There is a hint of this liberal-realist fusionism in Mr. Obama, but the jury is still out on whether he will embrace it completely. The realist critique of Mr. Bush and the Iraq war fits like a glove on Mr. Obama’s view that America needs to adjust to the realities of the new “multipolar” world. And Mr. Obama is willing to shed liberalism’s excessive idealism if it endangers international consensus. In the case of Darfur, his liberal desire for consensus — the realists’ new form of “stability” — trumps the old liberal idea of transforming the world.
This convergence of worldviews extends beyond Big Power politics to the perennial debate over which is more important — America’s values or interests. Mr. Obama and the realists believe America must accommodate the rise of Chinese power and avoid starting another Cold War with Russia, regardless of concerns over human rights. Their interest in accommodation aligns nicely with the desire to preserve international consensus and thus prevent an overextension of America’s reach.
Many liberals and realists seem to believe that America is declining as a world power. Their reactions to this idea range from gleeful to mournful; but the preoccupation with putting limits on America’s ambitions raises questions about how durable they think America’s staying power really is. Realists such as Robert Kaplan see a need for assertive American leadership, but even he is resigned to the “long and elegant decline” of the United States.
Mr. Obama embraces many elements of liberal-realist ideology, but as a politician he appears to think that it’s not a good idea to give up on America.
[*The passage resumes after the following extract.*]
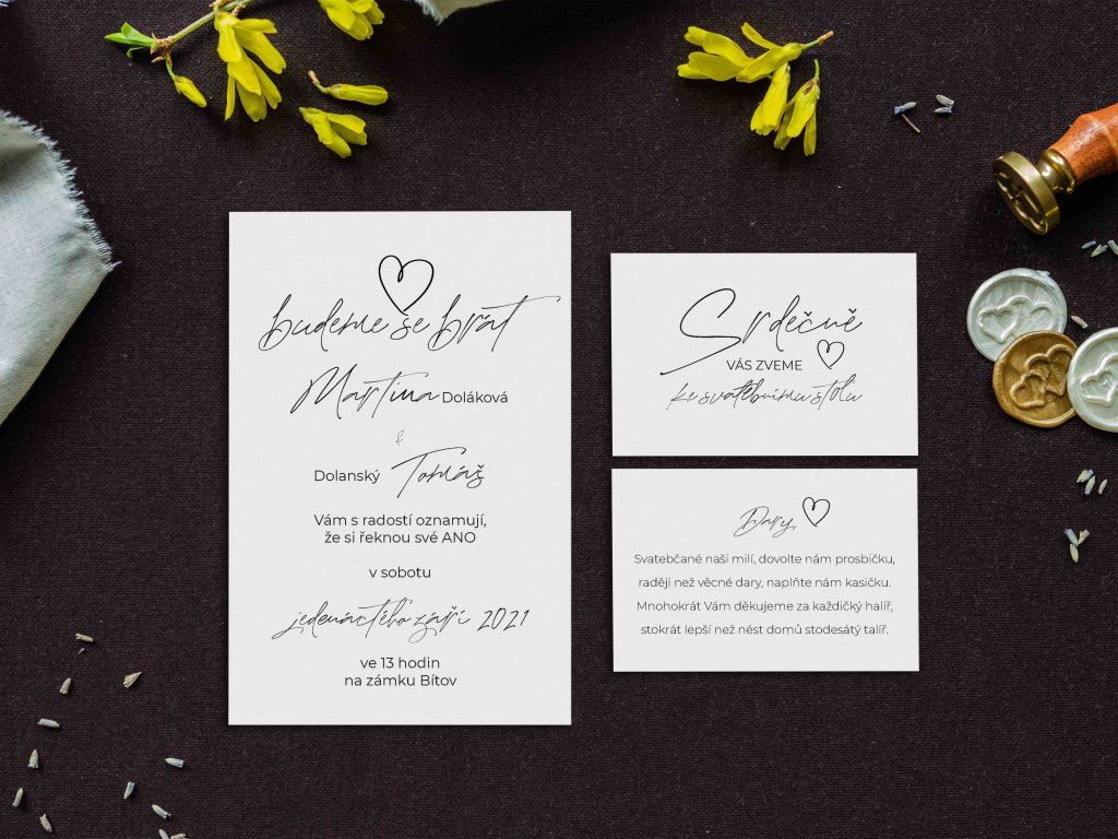 Doporučujeme zakoupit také obálky, kartičky s pozvánkou ke svatebnímu stolu, kartičku se svatebními dary nebo svatební knihu.

As he said in 2008, “To see American power in terminal decline is to ignore America’s great promise and historic purpose in the world.”
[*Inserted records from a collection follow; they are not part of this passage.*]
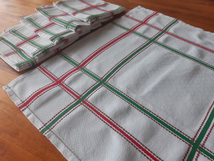 partij servetten met groen/rood patroon (12) - Linnen - Midden 20e eeuw
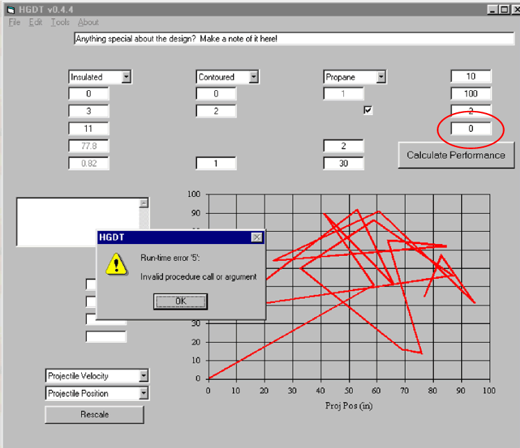 Those two problems are directly related to each other. I believe the first one should be gone and the second minimized... But the second may show it's face from time to time.jimmy101 wrote:Not sure if the new version has this problem but 0.4 did strange things when the "init position" was set to a small value. This was modeling 1x gun without any burst disk (burst pressure=0). You get the crazy graph and HGDT crashes.
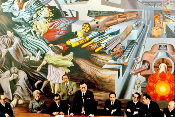 Su obra “Principio y Fin” es una de las expresiones más lúcidas de su mirada. Con un trazo que bordea el impresionismo, Escámez retrata trabajadores, símbolos de solidaridad y ecos de la Guerra Fría, mostrando un país que buscaba sentido en medio de cambios profundos. Su mural habla de comienzos, finales y ciclos históricos que hoy siguen resonando.

Mr. Obama is right. He seems to sense a need to impose some limits on the inherent pessimism of the new liberal-realist fusion. A vision of America riding off into the sunset of geopolitical decline does not square with his message of hope and change. Americans may not want the U.S. to be the world’s policeman, but they also still believe their country has a transformative role to play in the world.
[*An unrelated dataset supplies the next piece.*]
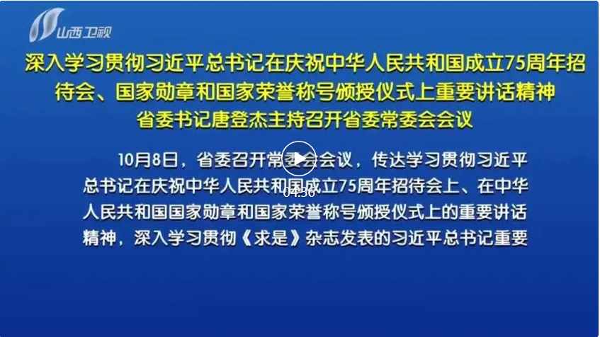 會(huì)議指出,習(xí)近平總書記在慶祝中華人民共和國成立75周年招待會(huì)上的重要講話,總結(jié)回顧75年來中國共產(chǎn)黨團(tuán)結(jié)帶領(lǐng)全國各族人民不懈奮斗取得的偉大成就,對(duì)推進(jìn)中國式現(xiàn)代化作出重大部署、提出明確要求,為把這一前無古人的偉大事業(yè)不斷推向前進(jìn)提供了根本遵循。走好新的征程,要始終堅(jiān)持黨的領(lǐng)導(dǎo),深刻領(lǐng)悟“兩個(gè)確立”的決定性意義,增強(qiáng)“四個(gè)意識(shí)”、堅(jiān)定“四個(gè)自信”、做到“兩個(gè)維護(hù)”,持之以恒推進(jìn)全面從嚴(yán)治黨,確保黨中央各項(xiàng)決策部署在山西不折不扣落到實(shí)處。要始終堅(jiān)持中國特色社會(huì)主義道路,堅(jiān)定歷史自信,增強(qiáng)歷史主動(dòng),高舉改革開放旗幟,堅(jiān)定扛牢使命任務(wù),在推動(dòng)高質(zhì)量發(fā)展、深化全方位轉(zhuǎn)型上不斷取得新成效。要始終堅(jiān)持以人民為中心,牢記黨的根本宗旨和國家性質(zhì),樹立和踐行正確政績觀,用心用情用力辦好民生實(shí)事,努力讓全省人民在共同奮斗中共享改革發(fā)展成果。要始終胸懷兩個(gè)大局、心懷“國之大者”,自覺把山西工作放到黨和國家工作大局中來定位、謀劃和推進(jìn),為以中國式現(xiàn)代化全面推進(jìn)強(qiáng)國建設(shè)、民族復(fù)興偉業(yè)作出山西貢獻(xiàn)。

Most hope for America to play a role somewhat larger than simply honorary chairman of the board of international consensus. Besides, if the United States does not lead, who will? China, with its mixed command-market economy, one-party rule, disregard for international law, and apologias for the genocides in Darfur? The United Nations, with its sad record of inefficiency and failure?
I don’t think so. The world still needs American leadership. Not to guide the U.S. descent as a great power, and not to manage an international consensus reflecting the lowest common denominator of what 194 countries can agree upon. Rather, the world needs American leadership to help transform the world by pursuing its highest and best aspirations. It is fine to be realistic, but we should be wary when realism-induced “declinism” masquerades as prudence.
• Kim R. Holmes, a former assistant secretary of state, is a vice president at the Heritage Foundation (Heritage.org) and author of “Liberty’s Best Hope: American Leadership for the 21st Century” (2008).